● Exercise brief:
Retype the listing below line for line, but only from the line with "Humalassa mies yrittää" down to the line with "- wnioski o", inclusive. Pictures stay out.

● Data records:
:::
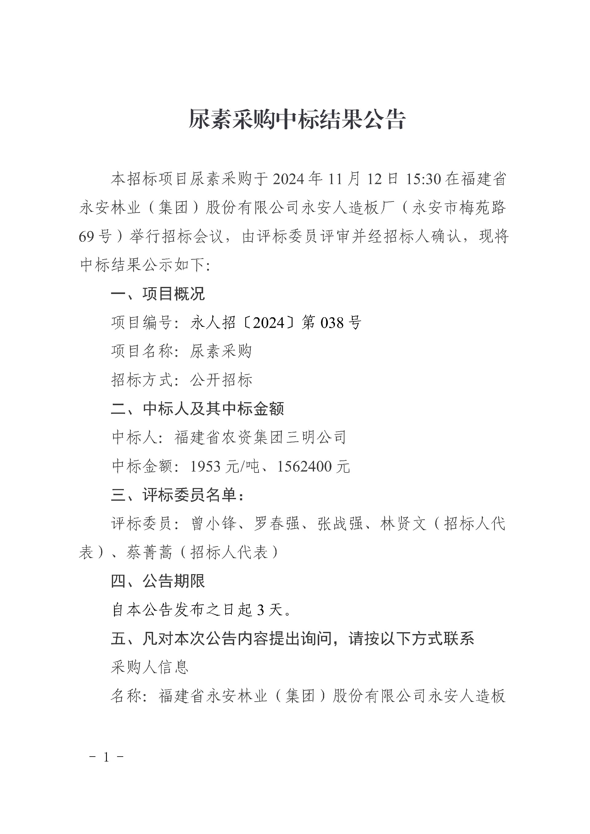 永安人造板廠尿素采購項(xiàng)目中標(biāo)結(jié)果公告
:::
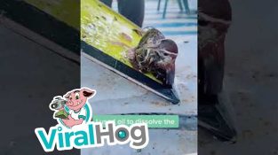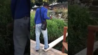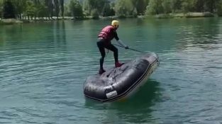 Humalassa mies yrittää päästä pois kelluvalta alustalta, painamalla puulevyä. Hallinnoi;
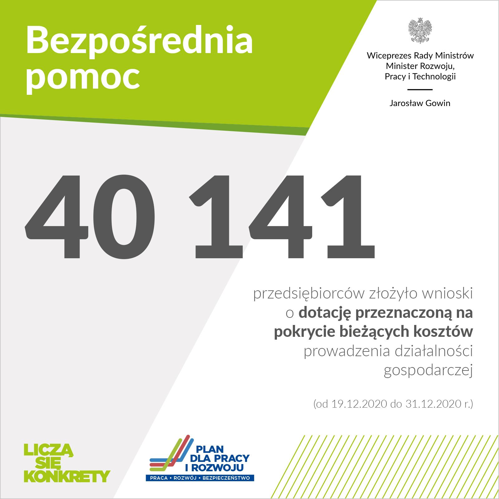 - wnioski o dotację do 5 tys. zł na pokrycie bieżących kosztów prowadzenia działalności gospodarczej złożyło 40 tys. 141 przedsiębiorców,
:::
● Worked solution:
 Humalassa mies yrittää päästä pois kelluvalta alustalta, painamalla puulevyä. Hallinnoi;
 - wnioski o dotację do 5 tys. zł na pokrycie bieżących kosztów prowadzenia działalności gospodarczej złożyło 40 tys. 141 przedsiębiorców,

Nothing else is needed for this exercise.